Aller au contenu

Page:Revue pédagogique, second semestre, 1896.djvu/407

La bibliothèque libre.
Le texte de cette page a été corrigé et est conforme au fac-similé.
499
DE LA DICTÉE COMME MOYEN D’ENSEIGNER L’ORTHOGRAPHE

On admettra sans doute que l’orthographe (il ne s’agit ici, bien entendu, que de l’orthographe usuelle) est plutôt affaire de mémoire que de raisonnement. Que ceux qui ont étudié le latin et le grec puissent parfois être guidés dans leur manière d’écrire un mot par les lois de la phonétique et de la dérivation, peut-être bien : encore auraient-ils tort de trop s’y fier.

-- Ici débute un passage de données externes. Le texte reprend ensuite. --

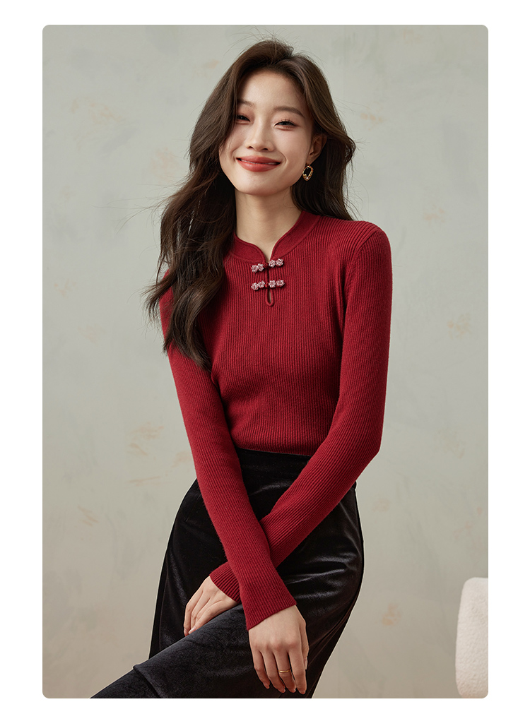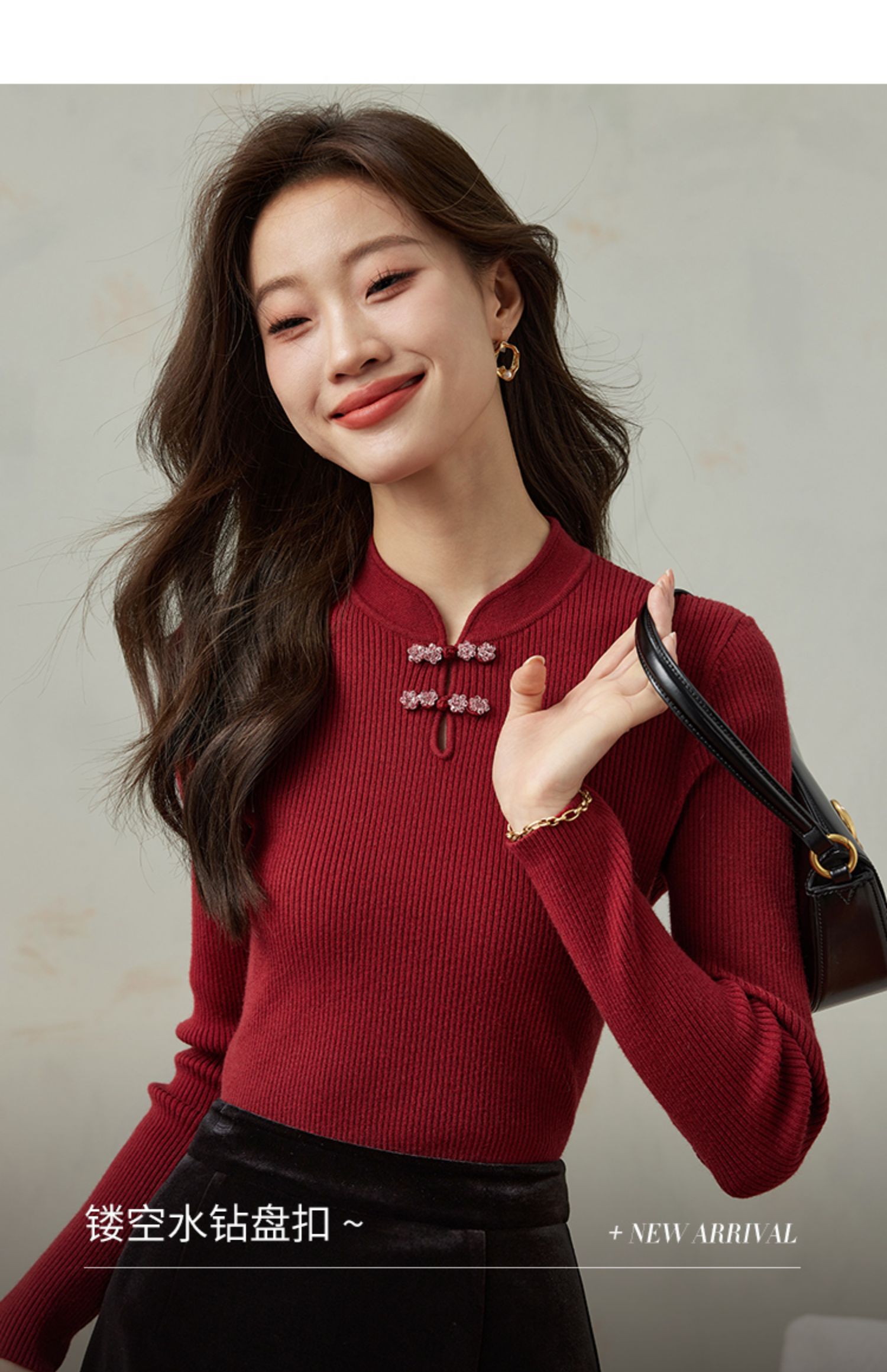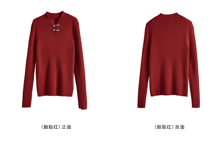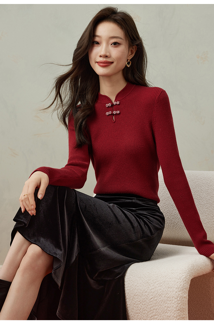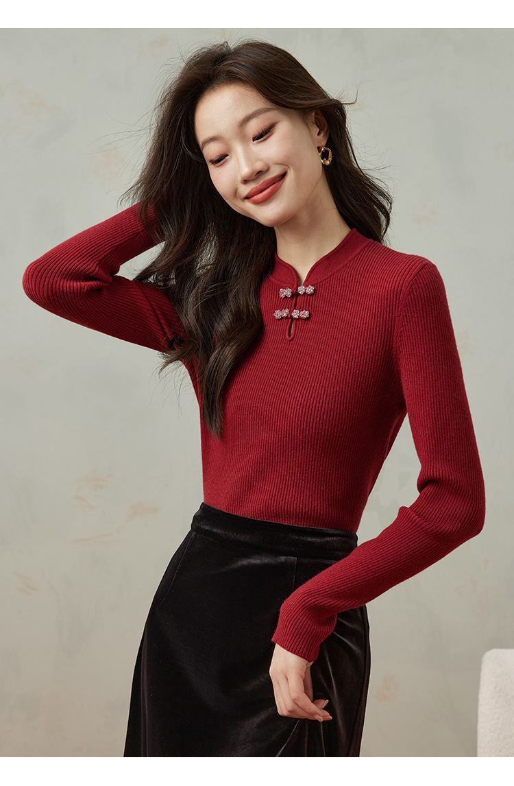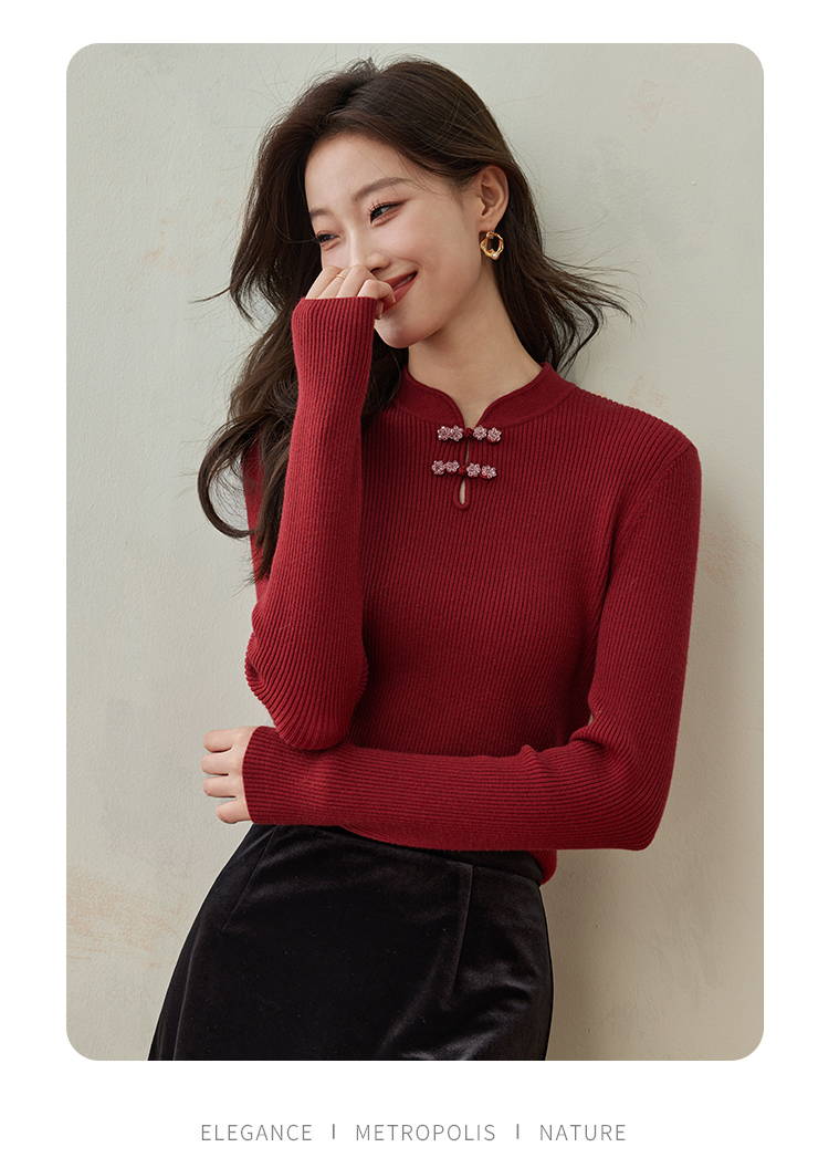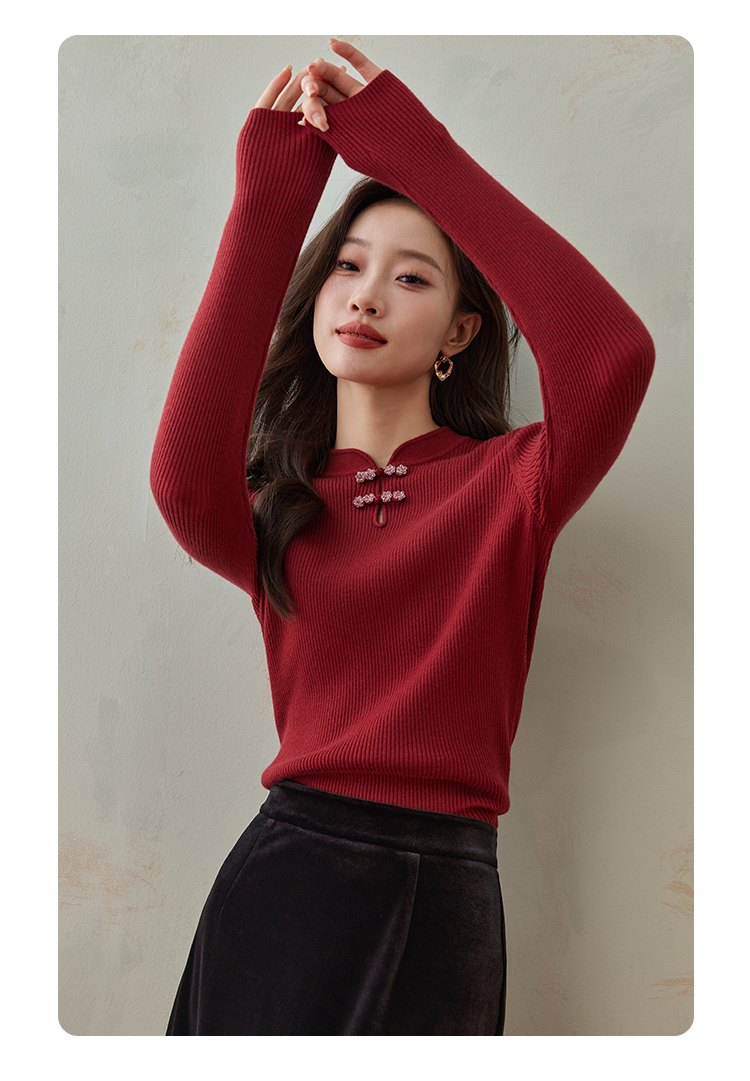 【年终特卖】熙世界新中式国风盘扣红色毛衣女秋冬新款修身显瘦内搭针织打底衫
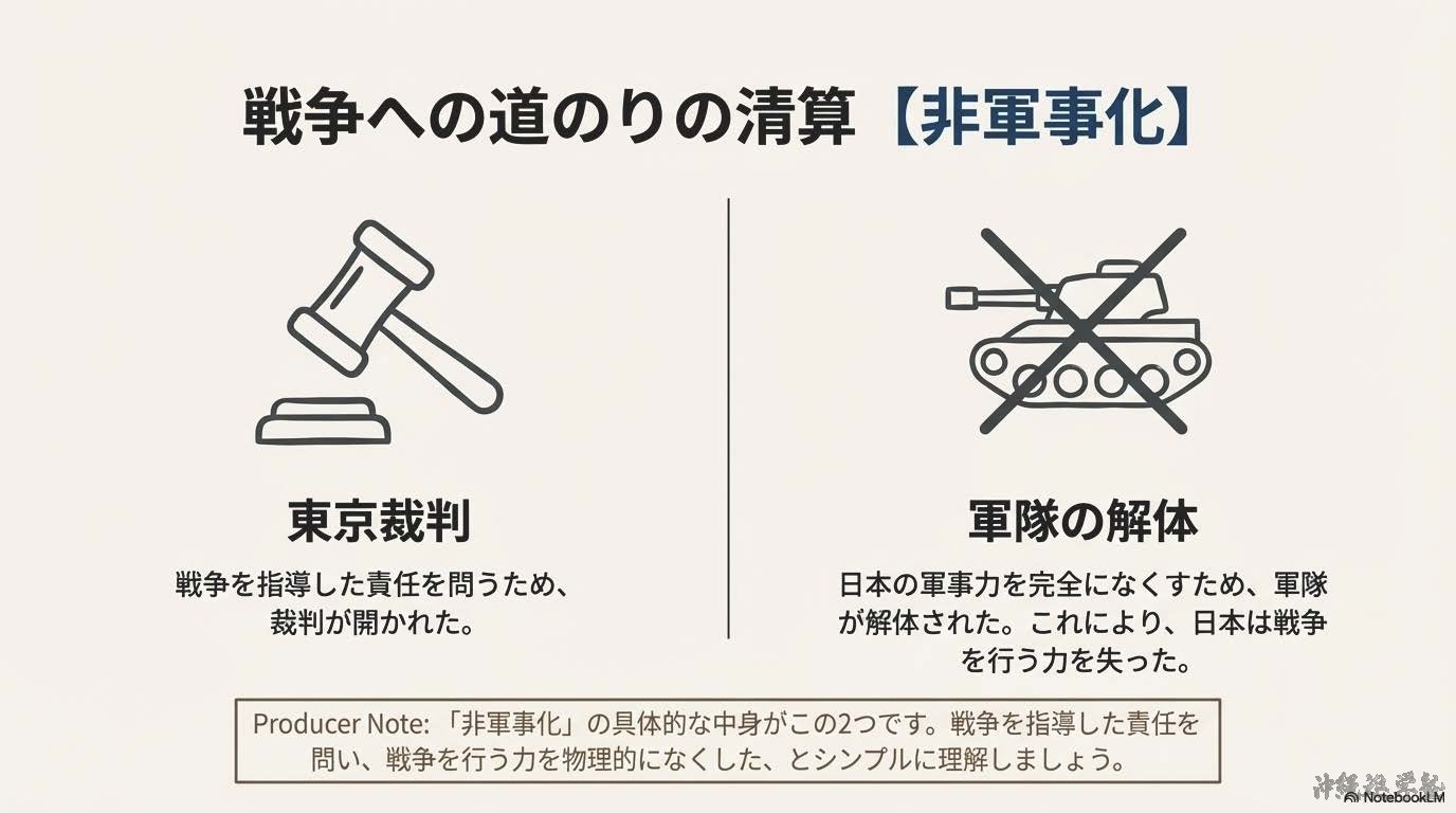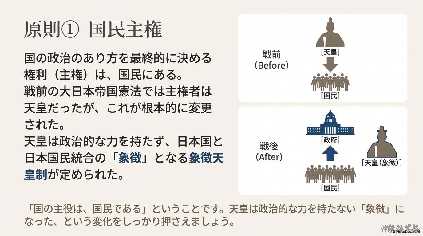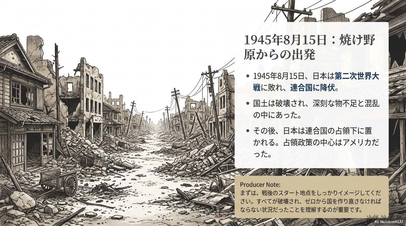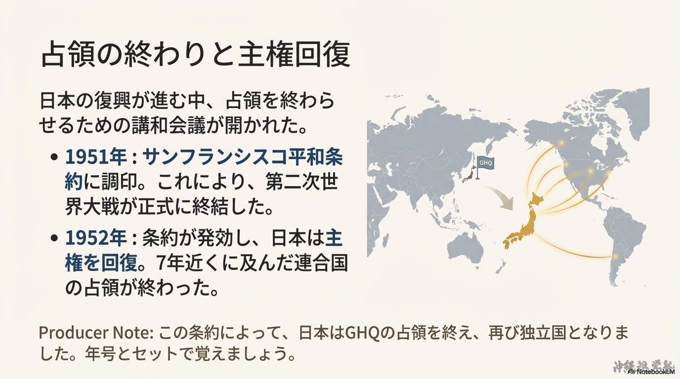 1945年8月15日、日本は第二次世界大戦に敗れ、連合国に降伏した。その後、日本は連合国の占領下に置かれ、占領政策の中心となったのがアメリカである。日本の占領と改革を実際に進めたのは、GHQ(ジーエイチキュー:連合国軍総司令部)であり、最高司令官はマッカーサーであった。GHQは、日本が再び戦争を起こさない国になることを目的に、政治・経済・社会の仕組みを大きく変える戦後改革を行った。まず、戦争を指導した責任を問うため、東京裁判(とうきょうさいばん)が開かれた。また、日本の軍事力を完全になくすため、軍隊の解体が行われ、日本は戦争を行う力を失った。次に、国民の生活を安定させ、民主主義を社会に根づかせる改革が進められた。農村では、地主が多くの土地を所有し、小作人が苦しい生活を送っていたため、農地改革(のうちかいかく)が実施された。地主の土地を国が買い上げ、小作人に分け与えたことで、自分の土地を持つ自作農が増え、農村の民主化が進んだ。また、経済を独占していた大企業グループを解体するため、財閥解体(ざいばつかいたい)が行われた。さらに、労働者の立場を守るため、労働組合法(ろうどうくみあいほう)が制定され、労働組合をつくる権利が認められた。政治の分野では、1946年の選挙で女性が初めて選挙権を行使し、男女平等の実現に向けた一歩となった。これらの改革と並行して、日本の新しい国のあり方を定めるため、憲法の制定が進められた。1946年に公布され、1947年に施行されたのが日本国憲法(にほんこくけんぽう)である。この憲法は、国の政治の最終的な決定権は国民にあるとする国民主権(こくみんしゅけん)を基本原理とし、天皇は政治的権力を持たない象徴天皇制(しょうちょうてんのうせい)とされた。日本国憲法では、すべての人が生まれながらに持つ権利として基本的人権(きほんてきじんけん)の尊重が定められた。言論・思想・信教の自由が保障され、法の下の平等や男女平等も明記された。これにより、日本社会は戦前とは大きく異なる民主的な社会へと変化した。さらに、日本国憲法の大きな特徴が平和主義である。第9条では、戦争や武力の行使を永久に放棄し、戦力を持たないことが定められ、日本は平和国家として再出発することになった。戦後の日本は、深刻な物不足やインフレに苦しんだが、復興が進み、1951年にはサンフランシスコ平和条約を結んだ。翌1952年、日本は占領を終えて主権を回復した。同時に、アメリカとの間で日米安全保障条約を結び、日本の安全をアメリカ軍に依存する体制が始まった。

Que de fois le raisonnement leur ferait commettre des fautes ! Mais pour les élèves de nos écoles primaires, la question ne se pose même pas. Dès lors, si le maître dicte un mot que l’élève ne connaît pas, que va-t-il arriver ? Il cherchera dans sa mémoire la forme de ce mot ; mais si elle ne s’y trouve pas, il fera un effort de logique. « C’est dire assez qu’il est perdu, dit M. Payot, la logique n’ayant rien à voir dans cette affaire. » Sans aller tout à fait jusque-là, il faut convenir que les raisonnements par analogie auxquels il pourra recourir l’induiront souvent en erreur (honneur et honorable, oreille et auriculaire, par exemple) ; et l’on ne peut guère ne pas partager l’avis de M. Payot disant que, « quelque effort d’intelligence qu’il fasse, il ne peut trouver l’orthographe d’un mot qu’il ignore ». Donc, s’il se rencontre dans la dictée un mot que l’élève ne connaît pas, ou même qu’il connaît, mais sans savoir comment ce mot s’écrit (et c’est pour les mots de ce genre surtout que l’exercice serait utile), il ne peut que reproduire ce qu’il entend ; et en admettant même que ce mot ait été bien nettement articulé par le maître, si l’orthographe n’en est pas absolument phonétique, forcément il l’écrira mal. En tout cas, l’écrivit-il bien que ce serait par pur hasard, sans raison aucune, partant sans qu’on puisse dire qu’il y ait vraiment pour lui savoir acquis. Donc enfin, pour qu’un élève puisse écrire convenablement un mot quelconque, qui ne s’écrit pas absolument comme il se prononce (et le nombre en est grand dans la langue française), il faut, — à moins encore que ce mot ne lui soit épelé, ou que déjà il l’ait vu écrit quelque part, ou qu’il l’ait bien écrit lui-même et qu’il s’en souvienne. Pour qu’il puisse le retrouver par un effort de mémoire, il faut qu’il l’ait appris. L’orthographe ne se devine pas.